FIG. 7 illustrates a client-server based system for creating a fingerprint from an unknown audio file and for retrieving metadata in accordance with the present invention. The client PC 700 may be any computer connected to a network 760.

The exchange of information between a client and a recognition server 750 include returning a web page with metadata based on a fingerprint. The exchange can be automatic, triggered for example when an audio recording is uploaded onto a computer (or a CD placed into a CD player), a fingerprint is automatically generated using a fingerprint creation module (not shown), which analyzes the unknown audio recording in the same manner as described above. After the fingerprint creation engine generates a fingerprint 710, the client PC 700 transmits the fingerprint onto the network 760 to a recognition server 750, which for example may be a Web server. Alternatively, the fingerprint creation and recognition process can be triggered manually, for instance by a user selecting a menu option on a computer which instructs the creation and recognition process to begin.

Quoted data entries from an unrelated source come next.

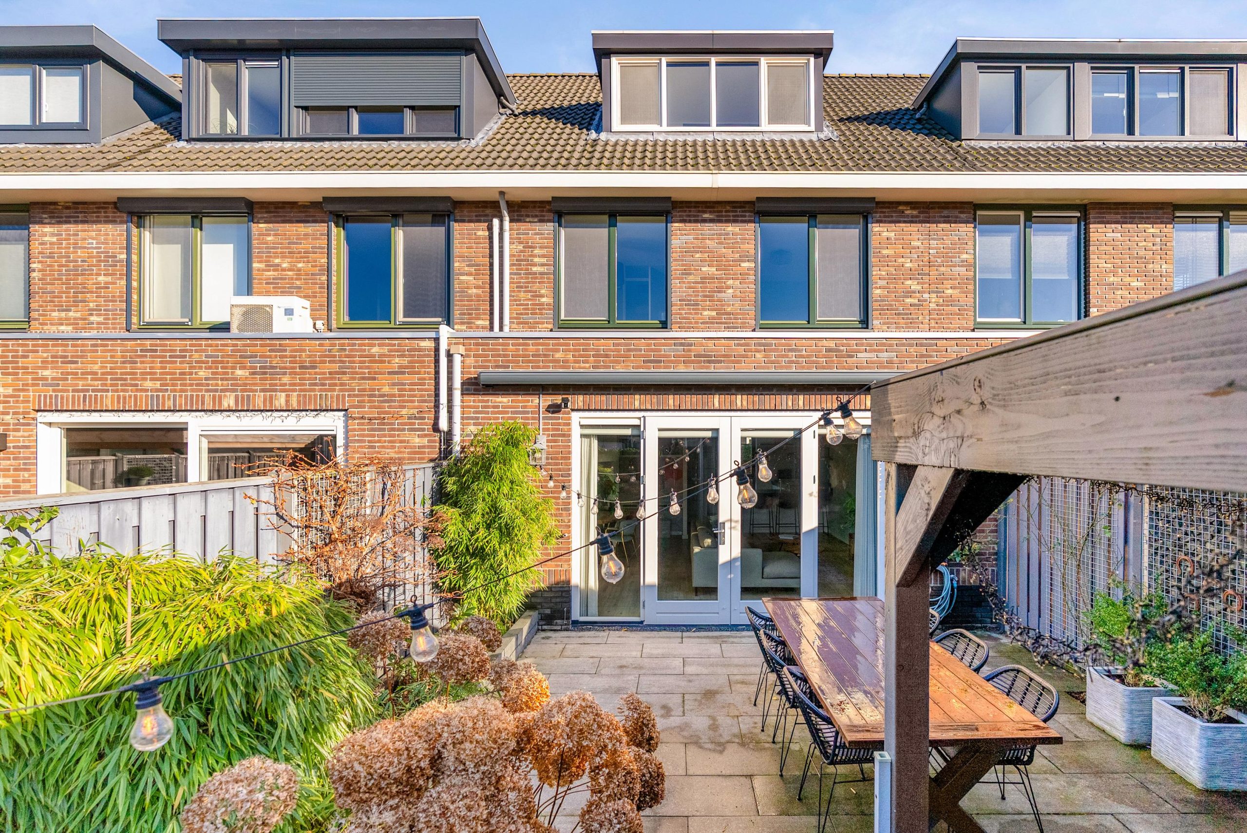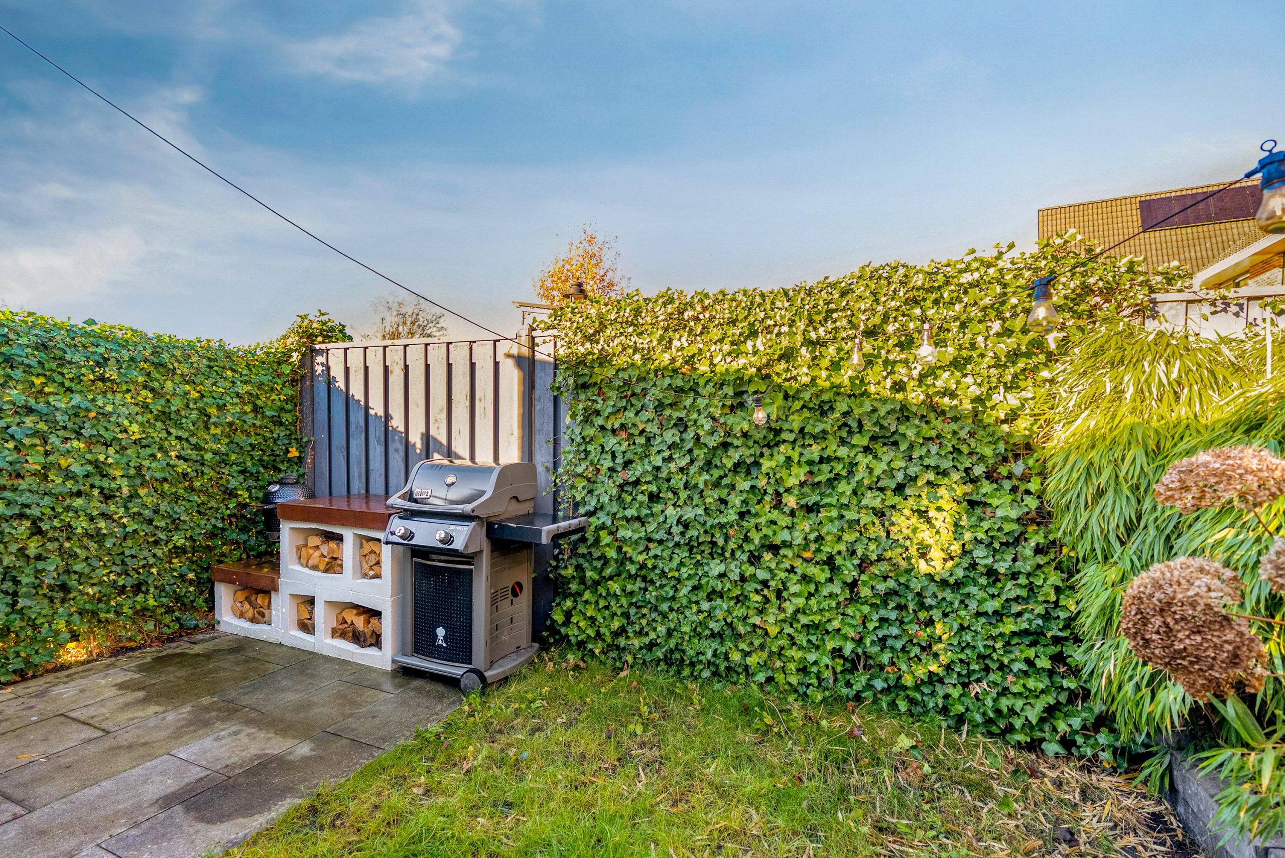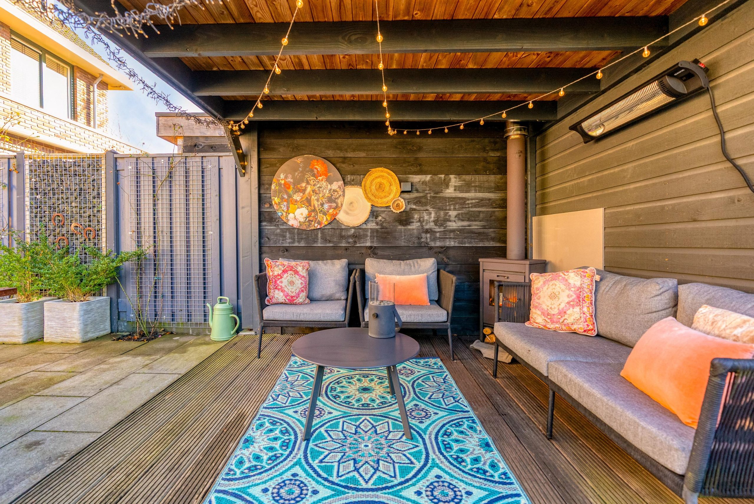 Middels de openslaande deuren kom je in de prachtig aangelegde tuin. De overkapping achterin de tuin is een fijne plek om vroeg zomer tot laat in het najaar heerlijk nog te zitten met de openhaard aan. Ook op warme dagen is dit een fijne plek die schaduw biedt. De tuin is namelijk gelegen op het zonnige zuidwesten waardoor je het merendeel van de dag kan genieten van de zon in je tuin. Een tuin is niet compleet zonder berging, deze is gelegen achterin de tuin en tevens beschik je over een achterom.
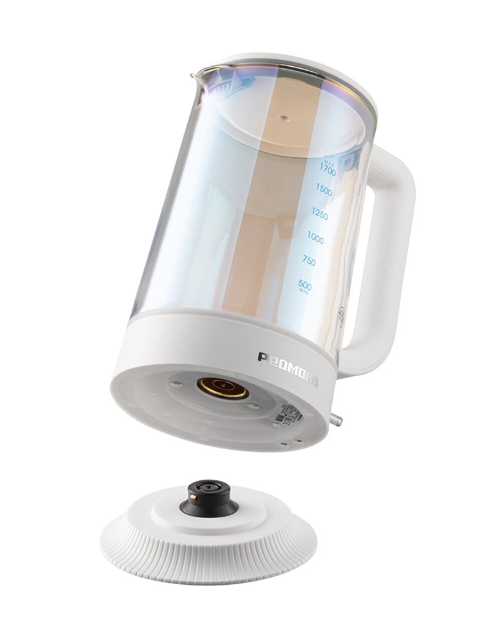 Чайник рассчитан на 1,7 литра, выполнен из термостойкого стекла с надёжным нагревательным элементом Strix.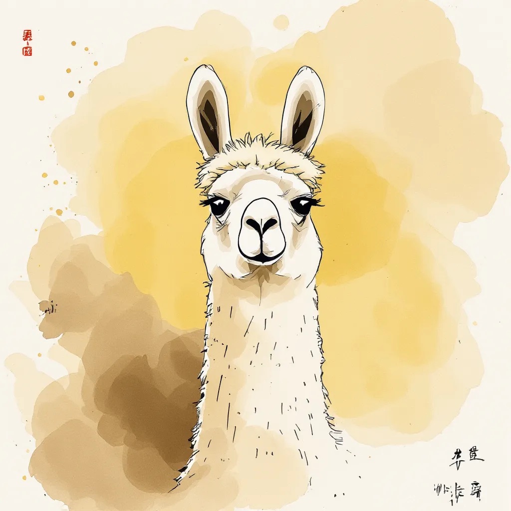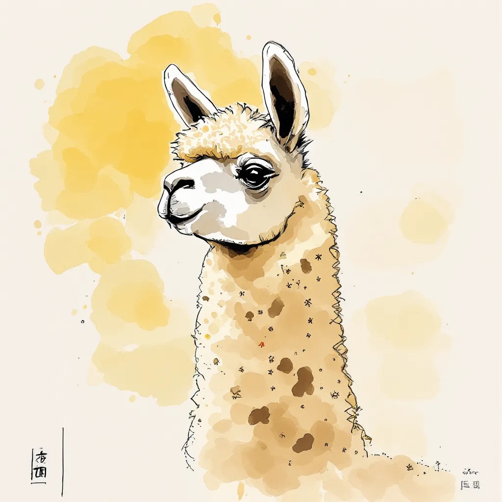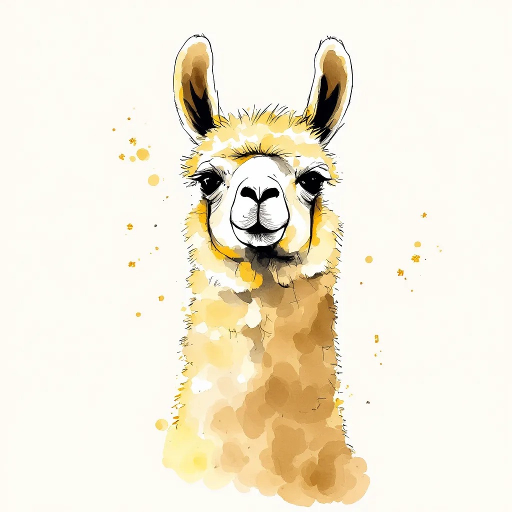 A Sumi-e Inspired Watercolor portrayal of a llama , blending traditional East Asian ink wash techniques with modern watercolor splashes. Use primarily sepia with accents of golden yellow for a minimalist yet expressive composition
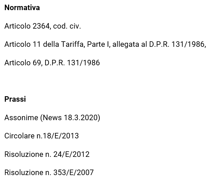 - i verbali di approvazione del bilancio che danno luogo a distribuzione di utili vanno ricondotti nell’ambito applicativo della lettera d) dell’articolo 4 della Tariffa, parte prima, allegata al D.P.R. 131/1986, che ricomprende tutte le assegnazioni fatte ai soci sia durante lo svolgimento dell’attività sociale sia al momento dello scioglimento della società e della sua liquidazione (Risoluzione n. 174/E/2000);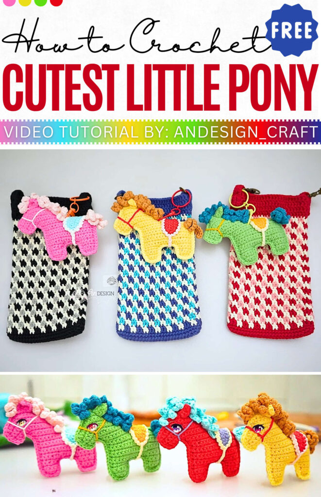 You can also skip the eyes or use the kawaii safety eyes. These little pony amigurumi will make your shoulder bag look extra colorful. So, try crocheting the complete set.

The network can be any type of connection between any two or more computers, which permits the transmission of data. An example of a network, although it is by no means the only example, is the Internet.

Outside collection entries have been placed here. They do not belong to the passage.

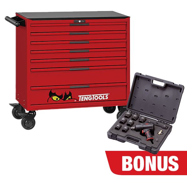 TENG 663PCE PRO35 37" 7 DRAWER ROLL CABINET AUTOMOTIVE TOOL KIT, METRIC RED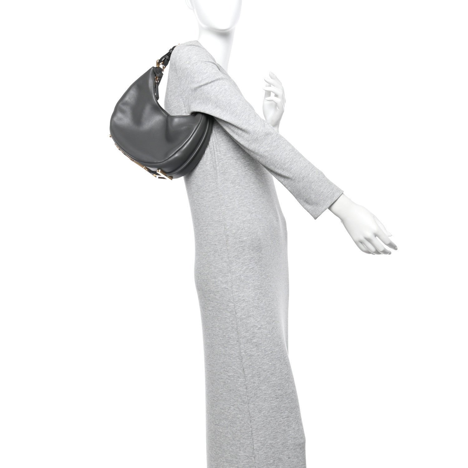 The Small Fendigraphy is a versatile hobo bag defined by its clean, crescent silhouette and structured design. This iteration is meticulously crafted from Anthracite calfskin leather, a deep grey shade that serves as a modern alternative to classic black.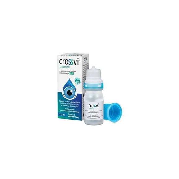 CROSSVI INTENSE to sterylny roztwór o fizjologicznym pH do stosowania okulistycznego, oparty na opatentowanej technologii sieciowania kwasu hialuronowego (HA) za pomocą mocznika, która poprawia i wzmacnia specyficzne właściwości mechaniczne liniowego HA. Usieciowany HA jest znacznie dłużej odporny na działanie hialuronidazy niż liniowy HA, a zatem wykazuje zwiększone i dłuższe działanie lubrykacyjne i nawilżające w porównaniu do liniowego HA.Skład Usieciowany wodny roztwór hialuronianu sodu (w tym 0,4\% usieciowanego hialuronianu sodu), trometamol, kwas chlorowodorowy 2N, chlorek sodu, woda do iniekcji. Bez konserwantów.StosowanieDokładnie umyj ręce.Przed pierwszym użyciem usuń uszczelkę zabezpieczającą.Zdejmij nasadkę zabezpieczającą i otwórz butelkę.Odwróć butelkę do góry dnem i delikatnie wyciśnij po 2 krople do każdego oka, chyba że zalecono inaczej.Zawartość opakowania należy zużyć w ciągu 3 miesięcy po pierwszym otwarciu.DziałanieŁagodzi suchość, podrażnienie i uczucie dyskomfortu oczu, w tym błony śluzowej oka.Wskazania - w celu przywrócenia i poprawy stabilności filmu łzowego w przypadku zespołu suchego oka- po chirurgii refrakcyjnej oka- w celu łagodzenia zaczerwienienia, zmęczenia i uczucia dyskomfortu oczu lub błony śluzowej oka z powodu: czynników środowiskowych (klimatyzacja, nadmierna ekspozycja na promieniowanie słoneczne, wiatr, dym, zanieczyszczenia, woda morska lub basenowa, morskie powietrze), suchości oczu spowodowanej nadmiernym zmęczeniem związanym z długotrwałą pracą przy komputerze, nauką, nieprawidłowości w łzawieniu po przebytych stanach zapalnych, przewlekłym zapaleniu powiek, nieprawidłowości w łzawieniu po operacjach okulistycznych o różnym podłożu lub chirurgii estetycznej powiek, noszenia miękkich lub półtwardych soczewek kontaktowych- polecane do codziennego użytku, w dzień lub w nocy.Przeciwwskazania Nie stosować w przypadku nadwrażliwości na którykolwiek ze składników.Uwagi Preparat należy przechowywać w sposób niedostępny dla małych dzieci.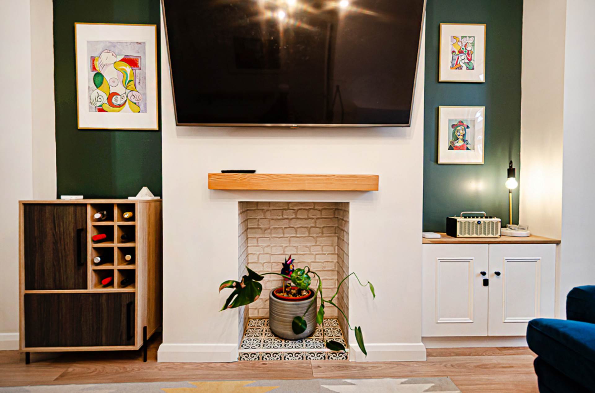 Through lounge - 24'1" (7.34m) x 12'6" (3.81m)Hole-in-the-wall fireplace with tiled hearth and timber mantle, bespoke storage under stairs, bay window, timber laminate floor and antique style lighting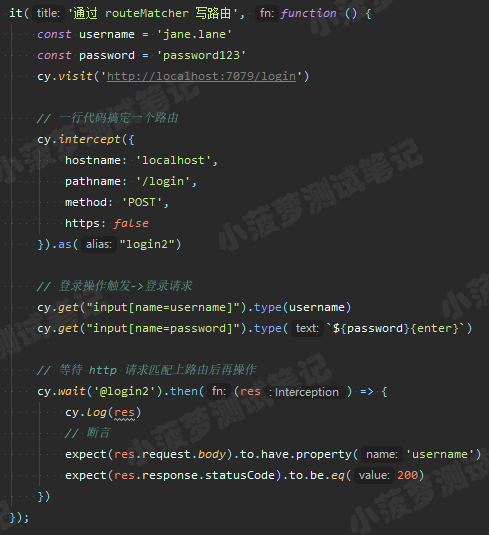 cy.wait('@login3').its('response.statusCode').should('eq', 200)// 断言匹配此路由的请求接收到包含【redirect】的请求 body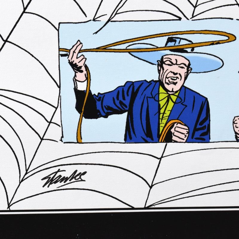 "Spider-Man 19" is a limited edition giclee on canvas presented by Marvel Comics. This piece is numbered and hand signed by the great Stan Lee (1922-2018). Includes Letter of Authenticity. Measures approx. 30" x 44" (image).

A query on the fingerprint takes place on a recognition server 750 by calculating one or more derivatives of the fingerprint and matching each derivative to one or more fingerprints stored in a fingerprint library data structure. Upon recognition of the fingerprint, the recognition server 750 transmits audio identification and metadata via the network 760 to the client PC 700. Internet protocols may be used to return data to the application which runs the client, which for example may be implemented in a web browser, such as Internet Explorer, Mozilla or Netscape Navigator, or on a proprietary media viewer.

Alternatively, the invention may be implemented without client-server architecture and/or without a network. Instead, all software and data necessary for the practice of the present invention may be stored on a storage device associated with the computer (also referred to as a device-embedded system). In a most preferred embodiment the computer is an embedded media player. For example, the device may use a CD/DVD drive, hard drive, or memory to playback audio recordings. Since the present invention uses simple arithmetic operations to perform audio analysis and fingerprint creation, the device's computing capabilities can be quite modest and the bulk of the device's storage space can be utilized more effectively for storing more audio recordings and corresponding metadata.

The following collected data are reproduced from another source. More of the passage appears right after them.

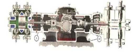 其傳動(dòng)模式是:電機(jī)帶動(dòng)曲軸旋轉(zhuǎn),通過(guò)連桿、十字頭、活塞桿,帶動(dòng)活塞在氣缸內(nèi)作往復(fù)運(yùn)動(dòng),實(shí)現(xiàn)氣體的壓縮過(guò)程,實(shí)現(xiàn)增壓目的。如下圖: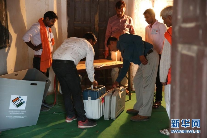 5月19日,在印度北方邦的瓦拉纳西的一处投票站,工作人员检查装箱的电子投票系统。印度大选最后阶段投票于当地时间19日18时结束,这标志着2019年印度全国大选投票全部结束。 新华社记者赵旭摄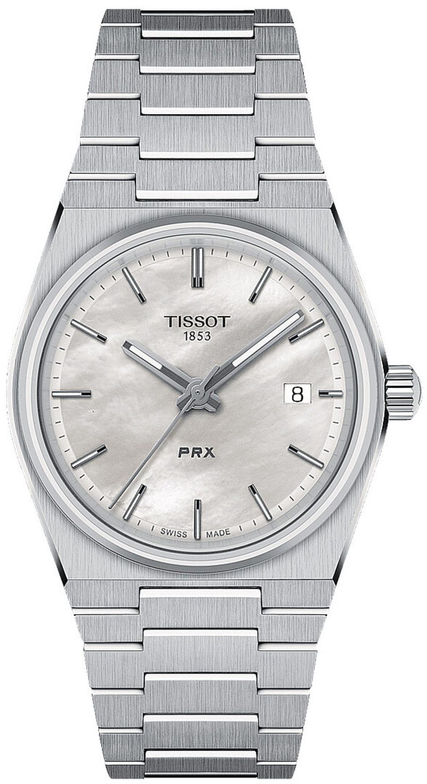 The Tissot PRX 35mm T137.210.11.111.00 is a T-Classic watch. The watch impresses at first glance with its unusual barrel-shaped case and bracelet connection.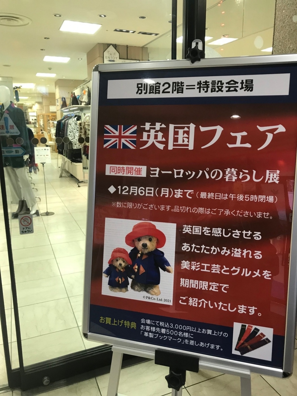 川越駅から本川越駅を結ぶクレアモール沿いにある百貨店です。百貨店としてはこじんまりとしていますが、地域ではきちんとしたものを買う時はやはりここ、と信頼されているお店です。クリスマス用品を買いに行きました。店内は装飾も華やかで、英国フェアが賑わっていました。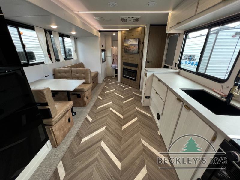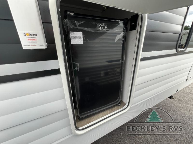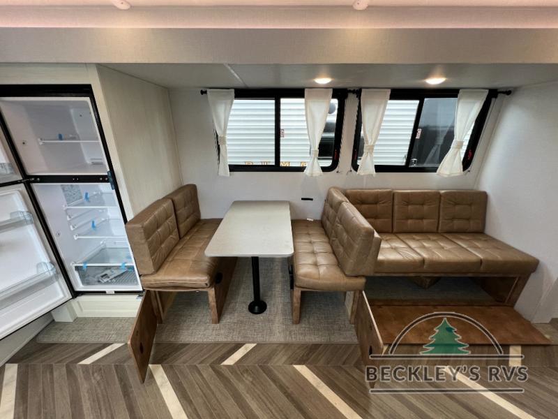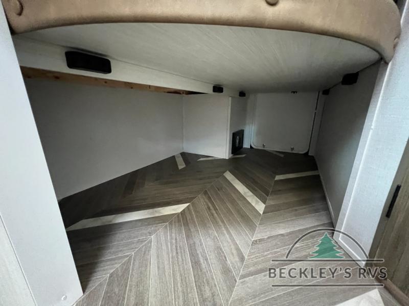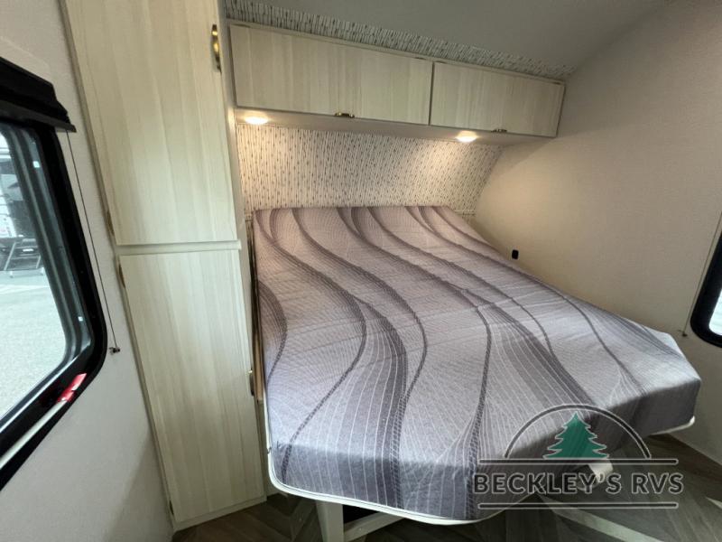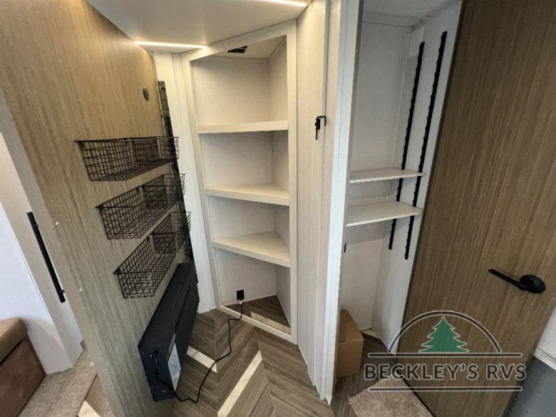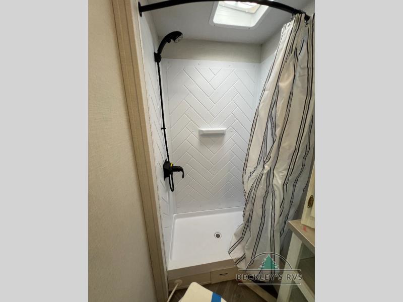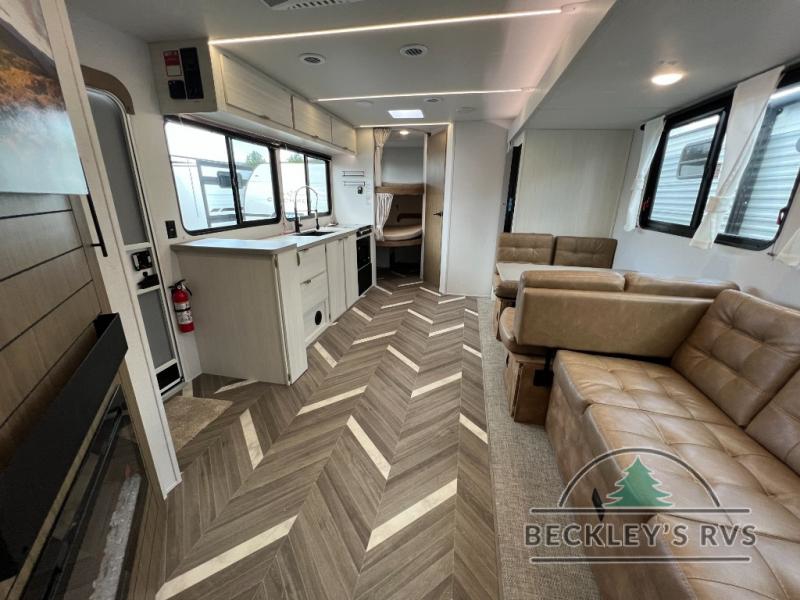 Trips to the lake just got sweeter in this travel trailer with a large slide for more space. Here, you'll find an versa lounge , and the entertainment center with a fireplace will make it feel a little more like home. A full bath with a 36" x 30" shower will let you clean up each day without having to use the camp's facilities, and the double-size bunks with an exterior bike door will let you easily pack gear in. Head up front to enjoy the private bedroom all to yourselves with a king bed and dual wardrobes for wrinkle-free clothes!

As illustrated in FIG. 8, a recognition engine 830 may be installed onto the device 800, which includes embedded data stored on a CD drive, hard drive, or in memory. The embedded data may contain a complete set or a subset of the information available in the databases on a recognition server 750 such as the one described above with respect to FIG. 7. Updated databases may be loaded onto the device using well known techniques for data transfer (e.g., FTP protocol). Thus, instead of connecting to a remote database server each time fingerprint recognition is sought, databases may be downloaded and updated occasionally from a remote host via a network. The databases may be downloaded from a Web site via the Internet through a WI-FI, WAP or BlueTooth connection, or by docking the device to a PC and synchronizing it with a remote server.

More particularly, after the fingerprint creation engine 810 generates a fingerprint 840, the device 800 internally communicates the fingerprint 840 to an internal recognition engine 830 which includes a library for storing metadata and audio recording identifiers (IDs). The recognition engine 830 recognizes a match, and communicates an audio ID and metadata corresponding to the audio recording. Other variations exist as well.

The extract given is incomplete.